While graph measures are used increasingly to characterize human connectomes, uncertainty remains in how to use these metrics in a quantitative and reproducible manner. Specifically, there is a lack of community consensus regarding the number of streamlines needed to generate connectomes. The purpose was to define the relationship between streamline count and graph-measure value, reproducibility, and repeatability. Retrospective analysis of previously prospective study. Ten healthy subjects, 70% female, aged 25.3 ± 5.9 years. A 3-T, T1-weighted sequences and diffusion-weighted imaging (DWI) with two gradient strengths (b-values=1200 and 3000 sec/mm2 , echo time [TE]=68 msec, repetition time [TR]=5.4seconds, 120 slices, field of view=188 mm2 ). A total of 13 graph-theory measures were derived for each subject by generating probabilistic whole-brain tractography from DWI and mapping the structural connectivity to connectomes. The streamline count invariance from changes in mean, repeatability, and reproducibility were derived. Paired t-test with P value <0.05 was used to compare graph-measure means with a reference, intraclass correlation coefficient (ICC) to measure repeatability, and concordance correlation coefficient (CCC) to measure reproducibility.

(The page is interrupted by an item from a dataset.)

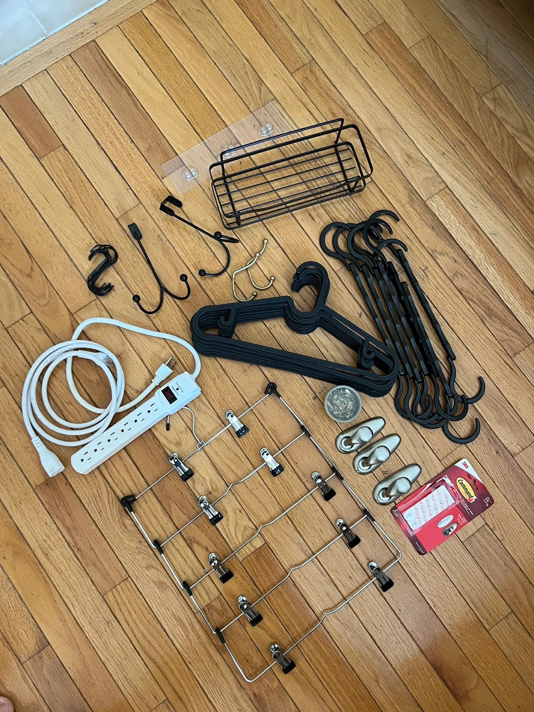 20Selling all of this as a bundle, pick up in Chelsea this weekend -10x plastic black hangers, medium sized -white extension outlet + extension cord -2x black over the door hooks -7x black S shaped hooks - can be used for hanging scarfs/bags or kitchen items etc -1x clamp hanger for skirts/pants -1x black wall basket with new/never used adhesive hooks -3x silver command hooks with 3x new adhesives -gold picture wall hooks - approx 15-20 in the package -2x gold wall hooks (no screws included) -6x layered/space savings hangers - can fit 5 hangers on each

Modularity and global efficiency converged to their reference mean with ICC > 0.90 and CCC > 0.99. Edge count, small-worldness, randomness, and average betweenness centrality converged to the reference mean, with ICC > 0.90 and CCC > 0.95. Assortativity and average participation coefficient converged with ICC > 0.75 and CCC > 0.90. Density, average node strength, average node degree, characteristic path length, average local efficiency, and average clustering coefficient did not converge, though had ICC > 0.90 and CCC > 0.99. For these measures, alternate definitions that converge a reference mean are provided. Modularity and global efficiency are streamline count invariant for greater than 6 million and 100,000 streamlines, respectively. Density, average node strength, average node degree, characteristic path length, average local efficiency, and average clustering coefficient were strongly dependent on streamline count. 1. Stage 1.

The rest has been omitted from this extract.